This was the one random Hellraiser sequel that I remembered watching not too long ago because I was curious about Kari Wuhrer in it. I also remember actually enjoying the entry quite a lot, even watching it out of context with the rest of the films in the series. This has been both a good and a bad thing about Hellraiser, because many of the entries can stand on their own as pretty good horror films, but at the same time, there is not a lot of connective tissue between them all.

Deader is the story of immersive investigative journalist Amy Klein, who travels to Romania after her paper receives a disturbing videotape in the mail. She starts to look into the Deaders, a strange group of people lead by a man named Winter who has found a way to bring people back from the dead. In turn, this has earned him the ire of Pinhead and the Cenobites for entering into their realm, and Amy is caught in the middle as the one person with the power to stop both of them.

A great thing about the Hellraiser sequels so far is that they have not dropped down in quality. Here we are with entry number seven, and the film is stylistically and visually very well put together. With really only one hiccup involving CGI bugs, the effects work are spot on and fit in with what we have come to love from Hellraiser. The grittiness of the setting in Romania, and the decrepit buildings, dark dungeons, and oddly converted subway cars is also reminiscent of previous films, as is the dark tone of the film. Hellraiser has not yet entered the campy, meta territory and I think that really works best with the stories that have so far been told in each entry.

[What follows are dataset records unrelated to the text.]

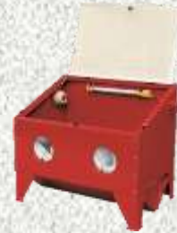
Tabletop Sandblast Cabinet Model No: TL32201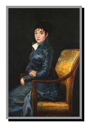
Hon. Virginia Foxx (NC)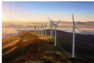
Wind turbine industry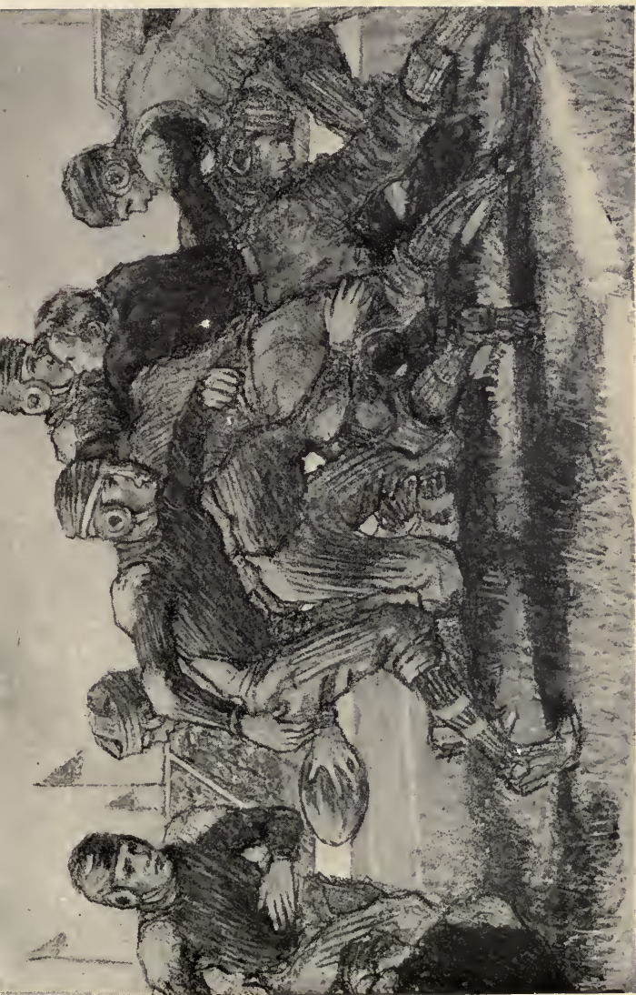
It was Alton's day all through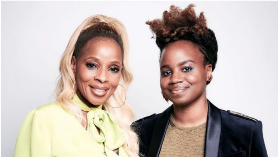
Mary J. Blige Dee Rees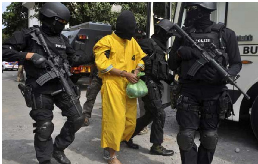
As Indonesia's counterterrorism law revised, they allow authorities to arrests and detain suspected terrorists.

In these and other cases of alleged misconduct, police and the military frequently do not disclose the findings of internal investigations to the public or confirm whether such investigations occur. Official statements related to these allegations sometimes contradict civil society accounts, and the inaccessibility of areas where violence takes place makes fact checking difficult. Nongovernmental organizations (NGOs) and media report that police abused suspects during detention and interrogation.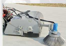
31. Closed Sweeper

Amy Klein seems like a bit of a loner with a dark past who uses the shocking stories she works on to maybe punish herself, or see how deep she is really willing to take herself. Is she suicidal, in a way? Perhaps at the beginning, but I think she gets a nice character arc throughout the course of Deader. She’s a sympathetic, likable character – a real tough girl with a relatable vulnerability. Black and white flashback scenes hint at her childhood abuse that still haunts her, and the symbolism of the knife in the chest (although I’m not for sure that she actually stabbed her father when she was a child – was that real or her redemption at the end?) is worked in nicely with the story.

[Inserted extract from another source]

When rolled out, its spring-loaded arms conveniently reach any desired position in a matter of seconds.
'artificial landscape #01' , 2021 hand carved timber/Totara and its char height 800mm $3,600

Surprisingly, I once again didn’t mind all that much that Pinhead and the other Cenobites are not featured characters. Pinhead and the whole Hellraiser world is a metaphor for the hell and suffering that humans are either put through or put themselves through. When Pinhead kills all the Deaders at the end of the film, he’s basically scoffing at their stupidity, saying, “Oh, you thought this world was hell? Let me show you what you think you’re after, and you’ll see that you had it much better off before.” It has become more about what Pinhead represents rather than Pinhead himself, and that’s great. The fact that Doug Bradley came back each time, except for part nine, to play Pinhead keeps the character’s mystique and power alive – when he shows up, you can still feel the fear he brings, even if it is only for a few key scenes.

The blood and gore is pretty minimal, but again, not a problem. When Amy is becoming a Deader, she has this huge knife wound in her chest, which is introduced in a great scene with Wuhrer in the bathroom discovering it. After that, she has to walk around Romania with a gaping and bleeding wound that she keeps trying to hide, which thankfully does not come off as comical when it really could have. Winter gets a nice death at the end much like Frank in the first film when he is skewered by a dozen hooks and then ripped apart, and the other Deaders get a hook and chain that plows through all of their bodies at the same time.

I honestly can’t find too much that I really don’t like about Deader. The story works, the acting is good, and aside from a couple of scene transitions that don’t make sense but you just have to chalk them up to being in the freaky dream/reality world of Hellraiser, it’s a nice entry. It works as a stand-alone and it works in the franchise, or at least what the franchise has become with Inferno and Hellseeker. I like it.